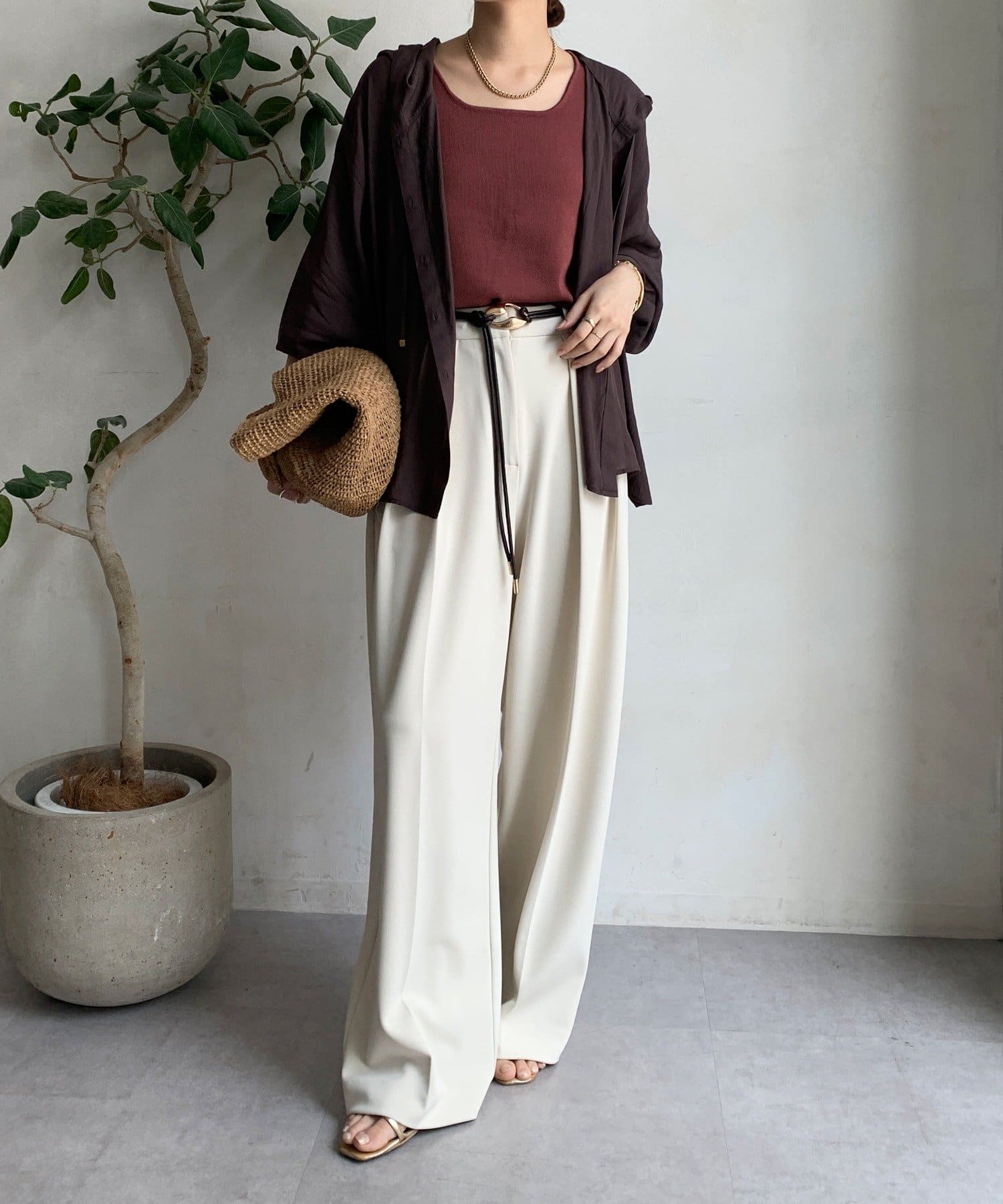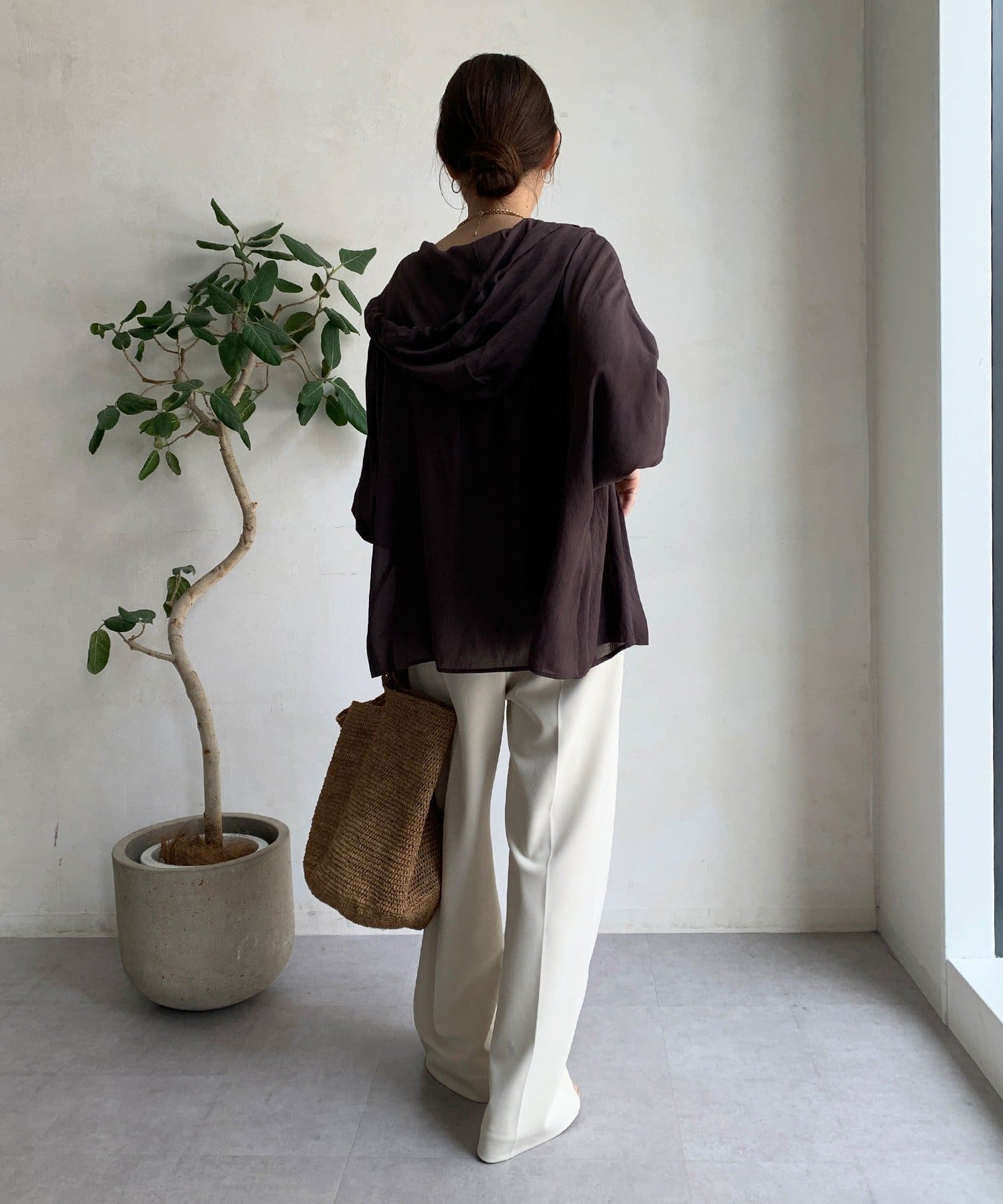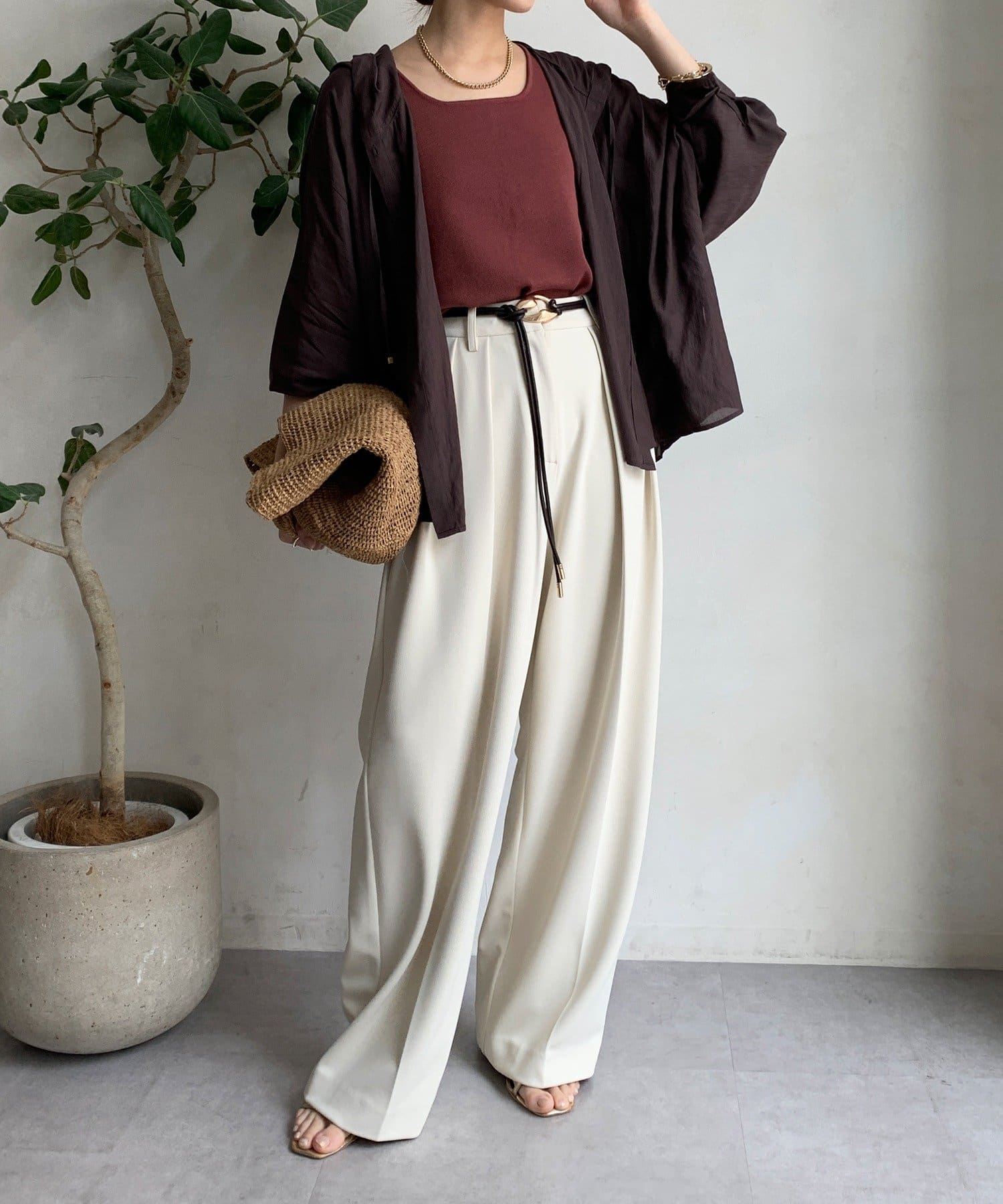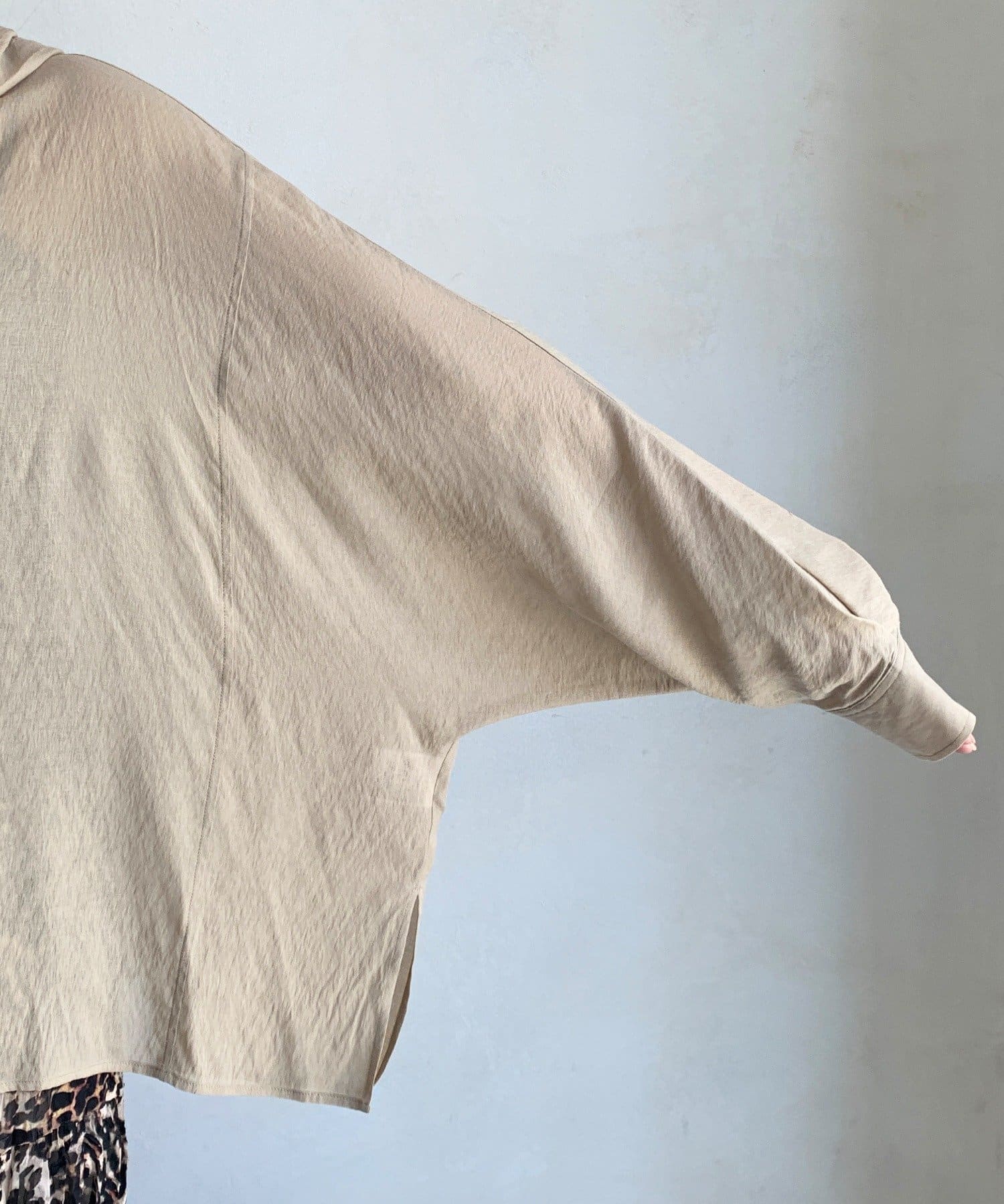 程よく透け感のある素材と、ゆったりと抜け感のでるドルマンシルエットが大人の余裕を感じさせるスタイリングを叶えます。
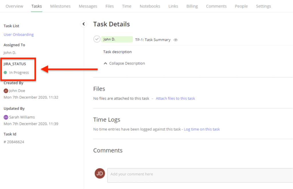 6.1.2.2 For the status sync to happen, SoftSync generates a custom field in Teamwork with the name: JIRA_STATUS to represent the Jira status as Teamwork supports only open and closed statuses. Please note that custom fields are supported only on Enterprise plans in Teamwork.
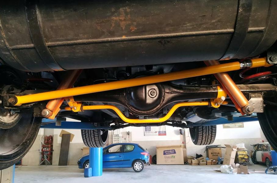 Доработки ходовой части свелись к занижению подвески, расширению колеи, переходу на гигантские дисковые тормоза от Porsche. Однако сзади остался неразрезной мост, так что разговоры от «спорткаровской управляемости» остаются на совести владельца. В салоне появилась красная кожа, в списке опций гидроусилитель руля, кондиционер, центральный замок и аудиосистема с сенсорным экраном.
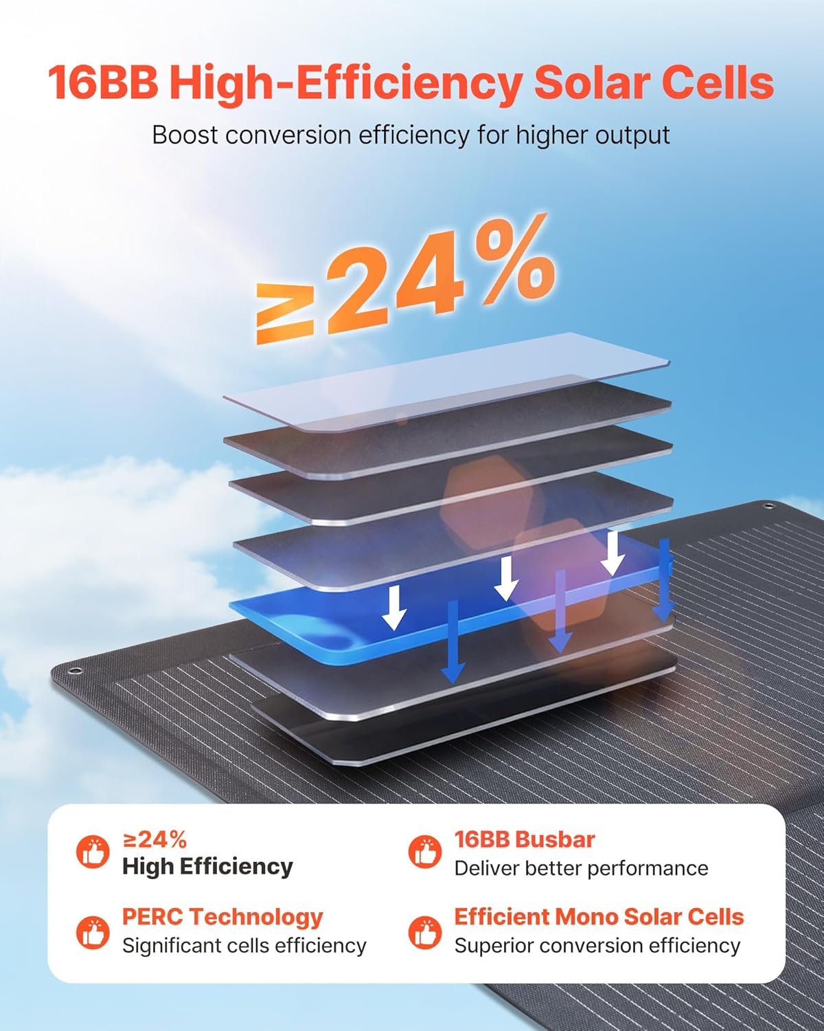 Featuring 16BB high-efficiency monocrystalline solar cells with ≥ 24% conversion efficiency, this solar panel captures more sunlight and ensures steady, consistent energy output to keep your devices powered.

**ASSIGNED TASK**
I would like you to set down the lines above, from the one containing "Доработки ходовой части" to the final line, exactly as written and without pictures.

**SOLUTION TO THIS PROBLEM**
 Доработки ходовой части свелись к занижению подвески, расширению колеи, переходу на гигантские дисковые тормоза от Porsche. Однако сзади остался неразрезной мост, так что разговоры от «спорткаровской управляемости» остаются на совести владельца. В салоне появилась красная кожа, в списке опций гидроусилитель руля, кондиционер, центральный замок и аудиосистема с сенсорным экраном.
 Featuring 16BB high-efficiency monocrystalline solar cells with ≥ 24% conversion efficiency, this solar panel captures more sunlight and ensures steady, consistent energy output to keep your devices powered.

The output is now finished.